The oxygen content present in the inerting gas (2) does not depend on the engine speed of the aircraft and therefore does not depend on the pressure profile. The pressure of the inerting gas (2) at the outlet of the fuel cell (4) fluctuates significantly less than with an inerting system taking air from the engines, and has no effect on the content oxygen present in the inerting gas (2). The purity of the inerting gas (2) is known and remains substantially constant throughout the mission of the aircraft. Air savings from aircraft engines are also achieved.

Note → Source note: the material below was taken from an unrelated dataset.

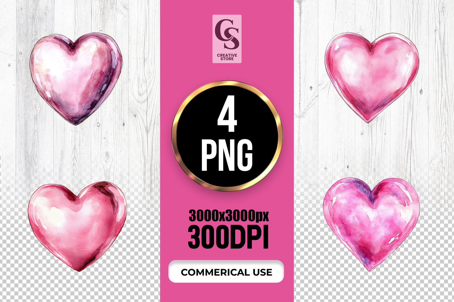 4 Pink Watercolor Heart Clipart Sublimation PNG Files Perfect for Greeting Cards, Invitations, Junk Journal, Party Decor, Scrapbooking and many other craft projects.

The present invention was achieved by going against certain prejudices, in particular the presence of hydrogen under pressure in an aircraft, the installation of new equipment whose maturity in the aeronautical field is not yet

-7 proven, such as humidity sensors, air / water permeation membranes, managing humid air in a cold environment, and placing a fuel cell (4) in an aircraft without yet having sufficient feedback on the average durations between failures, and on the dependability characteristics.

Claims (7)

claims 1. Inerting system (1) of at least one volume (3) in an aircraft, said system comprising at least one inerting gas generator (2), supplied with compressed air from a cabin passengers, and means (11) for distributing the inerting gas (2) in the volume (3) to be rendered inert, connected to the inerting gas generator (2), said inerting system (1) being characterized in that the inerting gas generator (2) comprises a fuel cell (4) having an outlet for gas (6) depleted in oxygen connected to drying means (7) of said gas. 2. System according to claim 1, characterized in that the drying means (7) comprise a heat exchanger (8). 3. System according to claim 1, characterized in that the drying means (7) comprise at least one air / water separation membrane (9). 4. System according to claim 1, characterized in that the drying means (7) comprise at least one enthalpy wheel (10). 5. System according to claim 1, characterized in that the drying means (7) comprise two successive drying equipment (8 and 9, 10). 6. System according to claim 5, characterized in that the drying means (7) comprise at least one air / water separation membrane (9) connected at the outlet of a heat exchanger (8). 7. System according to claim 5, characterized in that the drying means (7) comprise at least one enthalpy wheel (10) connected at the outlet of a heat exchanger (8).